Professors Sergio Quezada and Gerard Evan reveal how they’re navigating their vital work through the pandemic and why supporters will play a key role in getting research back on track.

“It was an opportunity for learning. An opportunity for re-evaluation. And an opportunity for planning.” Professor Sergio Quezada has taken a characteristically glass-half-full approach to lockdown life. “I think we would have been crazy not to use this opportunity to take a deep breath, finish pending analyses and really think.”

Sergio’s lab at University College London is part of the Cancer Research UK City of London Centre, a world-leading hub for biotherapeutics – treatments that are produced by, involve or manipulate living cells. “We want to understand how the immune system engages with cancer and why that engagement fails to protect someone against the disease,” he explains. “We then use that information to design new therapies.”

Fortunately, many of Sergio’s team’s experiments were completed just before the lockdown so they have spent the time analysing the results and preparing for publication remotely. But Sergio has serious concerns about the longer-term financial impact on his lab. “We will continue paying their salaries – that’s essential – but the timing of the grant keeps on advancing, which is a constant worry. Will we be able to deliver everything we planned to deliver on that grant in the amount of time we’ll have left?”

Meanwhile at the Cancer Research UK Cambridge Institute, Professor Gerard Evan has been lucky enough to continue with some of his experiments throughout the lockdown. His lab is looking to create therapies that target the mutations that hack into the normal rebuilding processes after injury or infection to form a tumour. “We’ve not started new experiments, but we’ve been able to continue existing ones because we use animal models,” he explains. “If we shut the models down, it could take a year or two to pick them back up, so it’s really important to keep that work going.”

Supporting the frontline

Despite continuing with their vital cancer research as best they can, both Sergio and Gerard’s teams have been drafted in to fight COVID-19. “All of my clinical fellows have postponed their PhDs to help on the frontline, which I think is the most incredible thing ever,” says Sergio, whose lab also donated all the personal protective equipment they had, including masks, gloves and gowns.

In Cambridge, Gerard’s department has around eight groups working on COVID-19 research funded by a variety of organisations. “I have to personally approve the safety and management of each of those programmes, including appropriate social distancing,” he says. “Some are looking at the virus’ genome and what it’s binding to, which might help us find ways to prevent it from replicating. Other groups are working on antibodies and tests for people with the virus or those who have had it and recovered.”

Getting back to beating cancer

In his role as chair of Cancer Research UK’s Science Funding Committee, Gerard is also responsible for the oversight, development and funding of a large chunk of our research budget. And with a 20-25% decline in our income expected this year – and current losses of £15m-£20m per month – he is very concerned about the difficult decisions that lay ahead. “Even before COVID-19, we sometimes had to decline really excellent applications. So going forward, it’s going to be tough. As researchers, we’ll need to ask ourselves, if my funding is cut, what am I going to do to make sure I’m as productive and effective a researcher as I was before?”

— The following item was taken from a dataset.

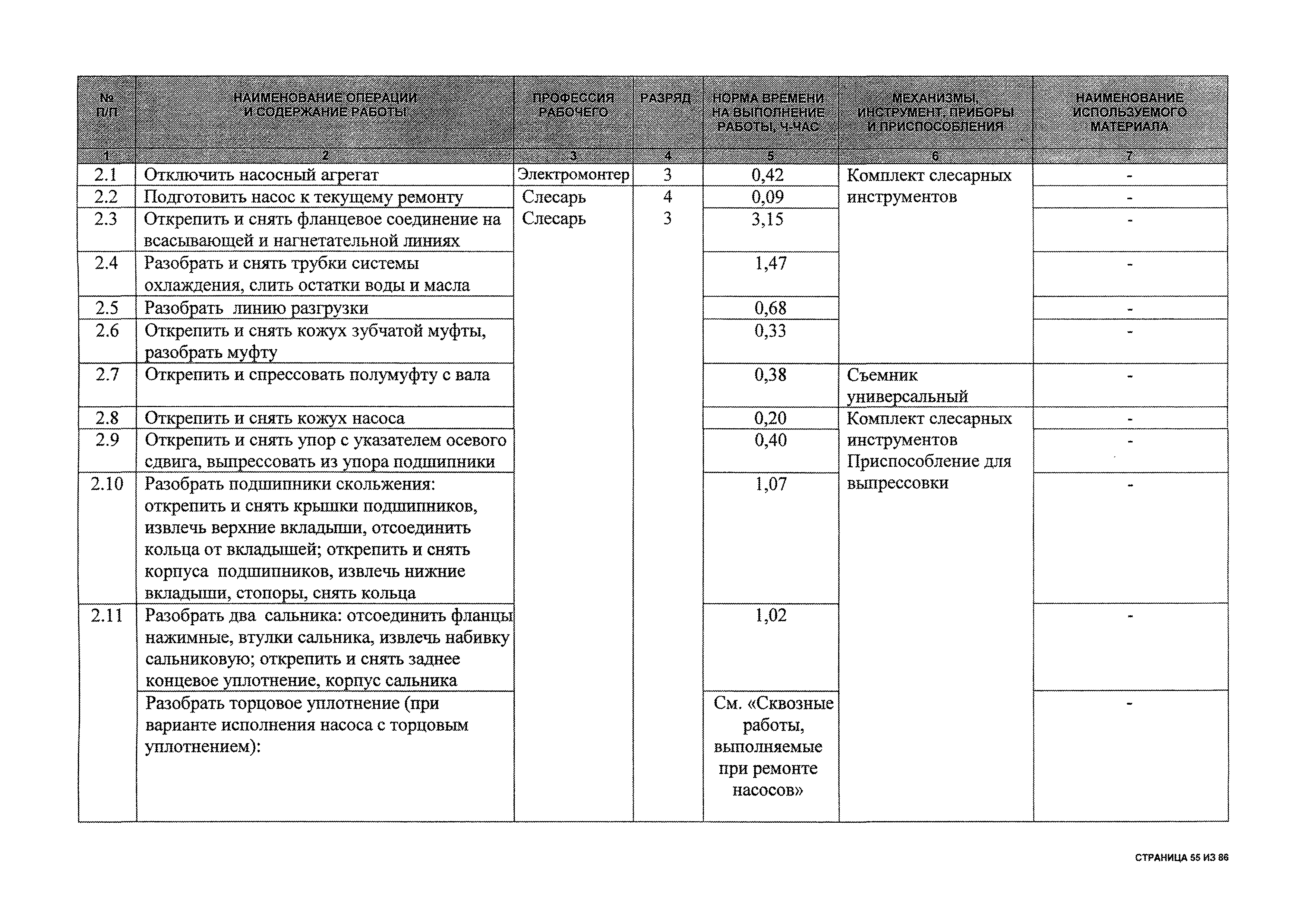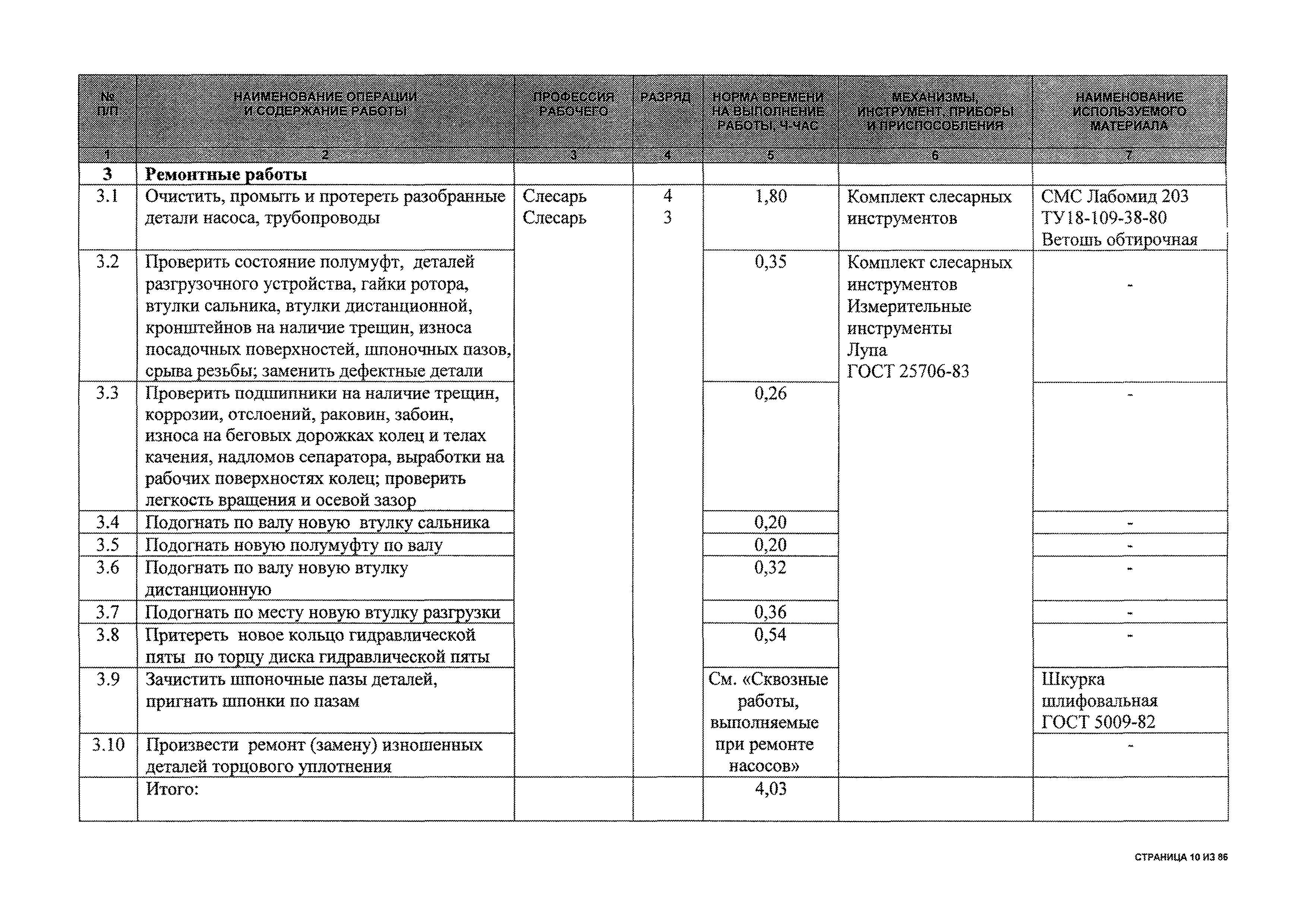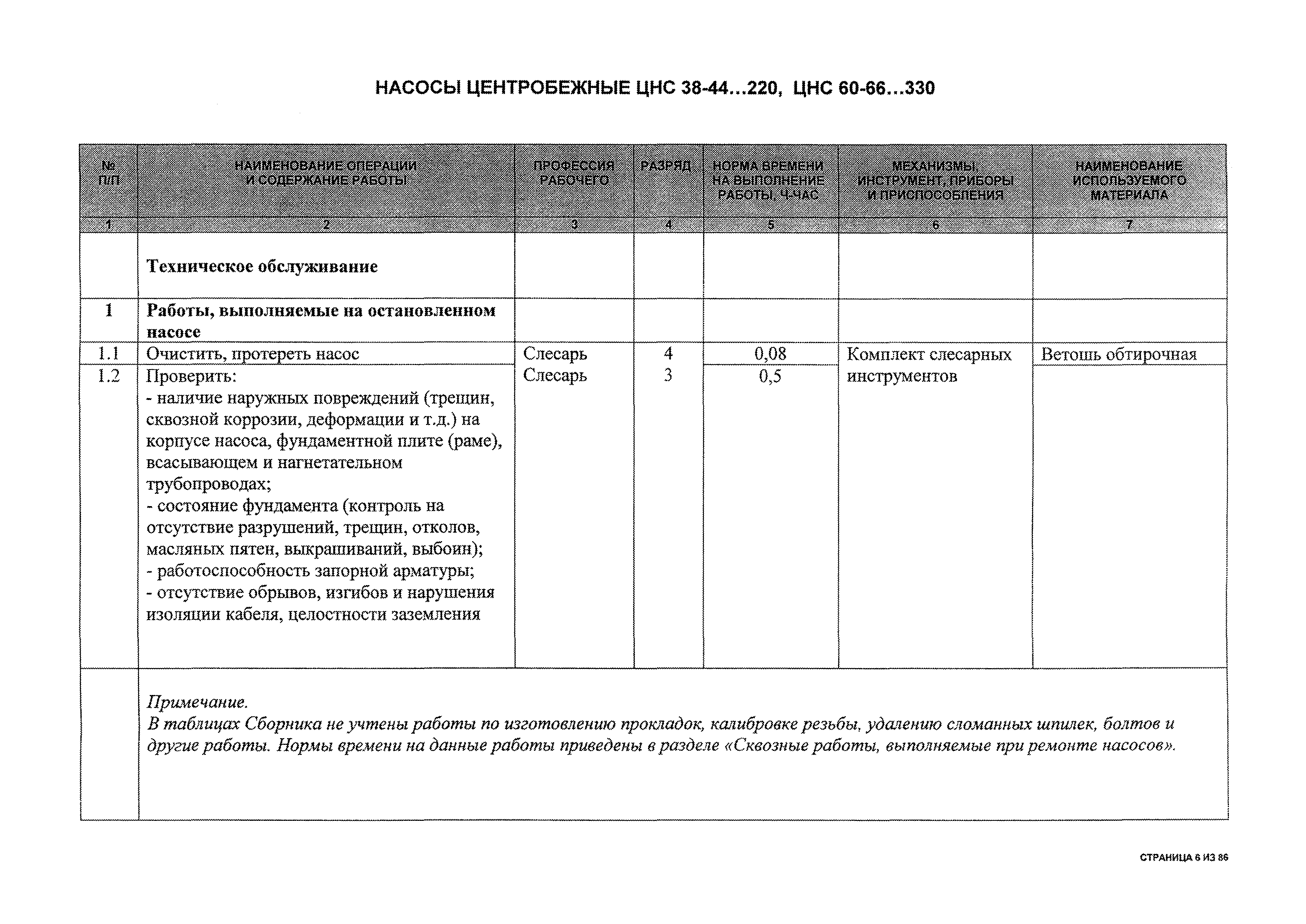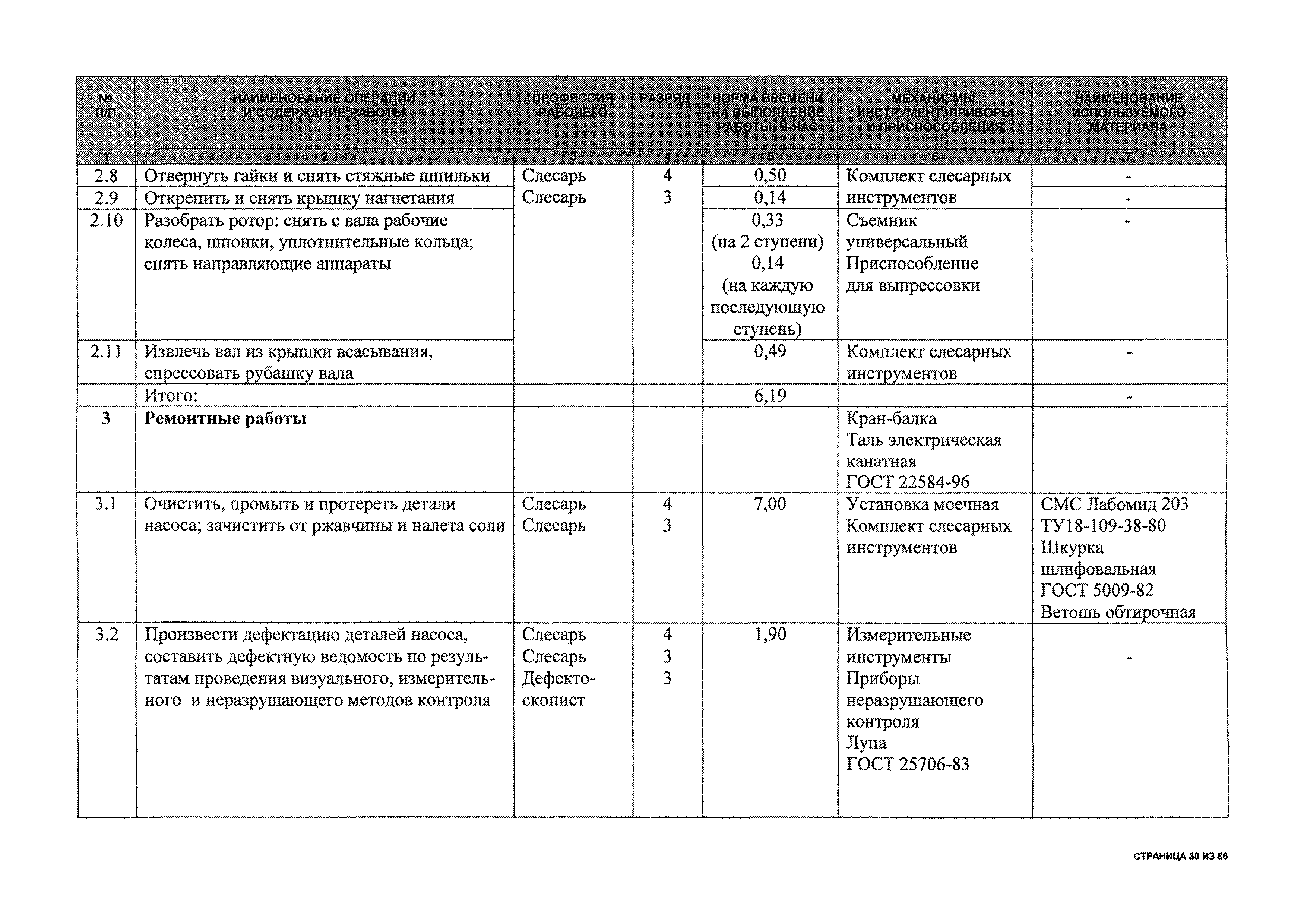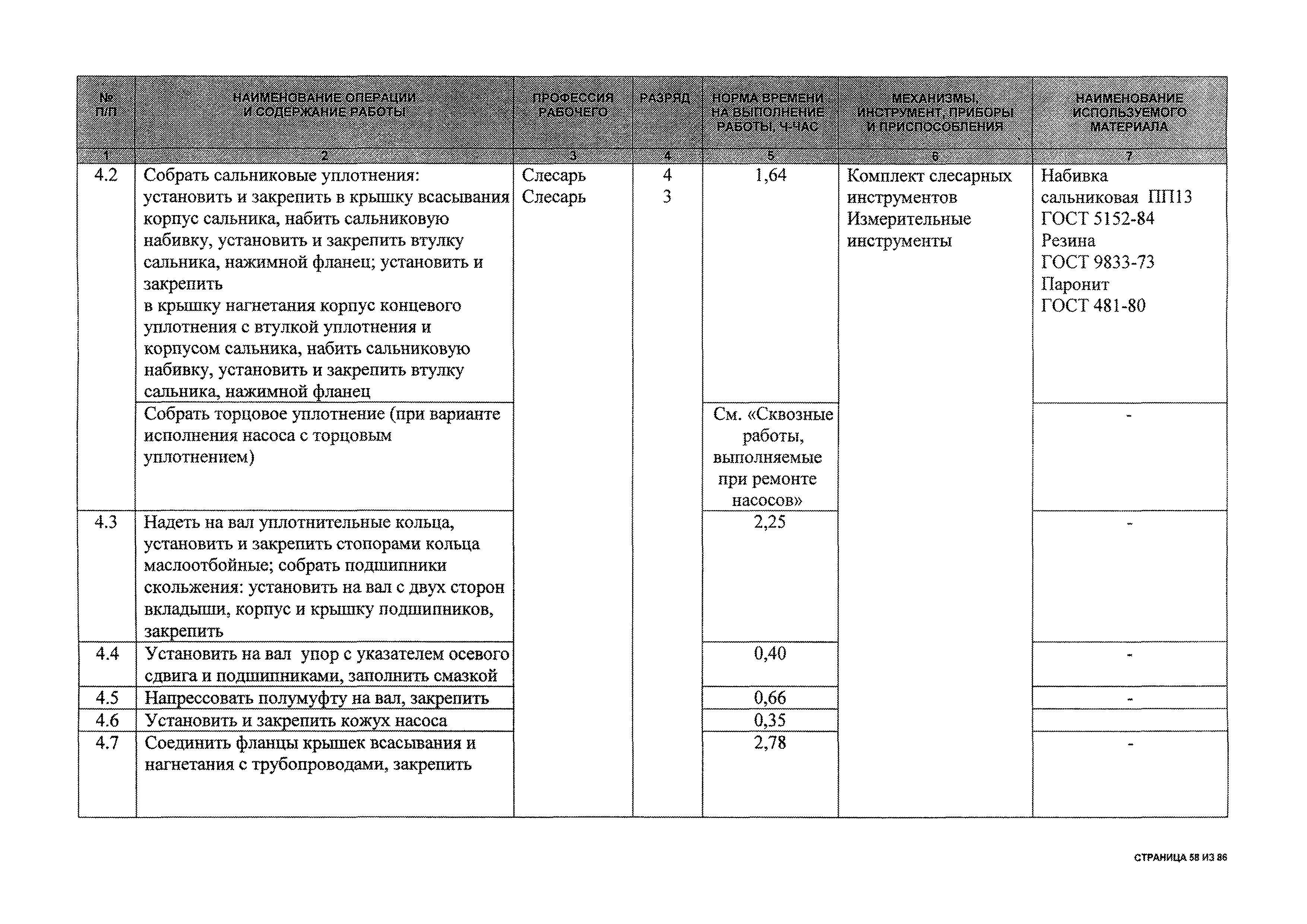 | Оглавление: | 1 Общая часть 2 Карты технического обслуживания, текущего и капитального ремонтов центробежных насосов: ЦНС 38-44…220, ЦНС 60-66…330 ЦНС105-98…490, ЦНС 180-85…425 ЦНС 300-120…600 ЦНС 180-1050 (1422) 3 Сквозные работы, выполняемые при ремонте насосов 3.1 Вырубка смазочных канавок крейцмейселем 3.2 Нарезание резьбы на стержнях плашкой 3.3 Калибровка резьбы на стержнях плашкой 3.4 Нарезание резьбы в сквозных отверстиях вручную 3.5 Калибровка резьбы в сквозных отверстиях вручную 3.6 Вырубка прямоугольных, фасонных и круглых прокладок 3.7 Пробивка отверстий в прокладках 3.8 Удаление сломанных шпилек, болтов 3.9 Шабрение разъема корпуса насоса 3.10 Подгонка и установка призматических шпонок 3.11 Заливка вкладышей баббитом 3.12 Шабрение бронзовых втулок 3.13 Шабрение бронзовых вкладышей 3.14 Ремонт торцовых уплотнений 3.15 Правка вала 3.16 Балансировка рабочих колес 3.17 Восстановление деталей насоса наплавкой электродами диаметром 4 мм 3.18 Покраска насоса после ремонта |

Sergio is also worried about securing funding in the future. “Before COVID-19, the UK was an incredible place to do cancer research: the funding, the vibe, the people, the cross-talk between disciplines. And in great part, that’s because of the contribution of donors and funders to Cancer Research UK. I just hope that people realise how important their donations have been and will continue to be – not only for a project or for a particular cancer, but for the whole research community.”

Reports from the British Medical Journal and elsewhere warn that the pandemic will leave the British medical research landscape an uncertain place. At Cancer Research UK, despite doing all we can to reduce our operational costs, we’ve had to cut funding by £44m and may need to make further, deeper cuts. Given that we fund almost 50% of all cancer research in the UK, this reduction could have a devastating impact on progress against cancer.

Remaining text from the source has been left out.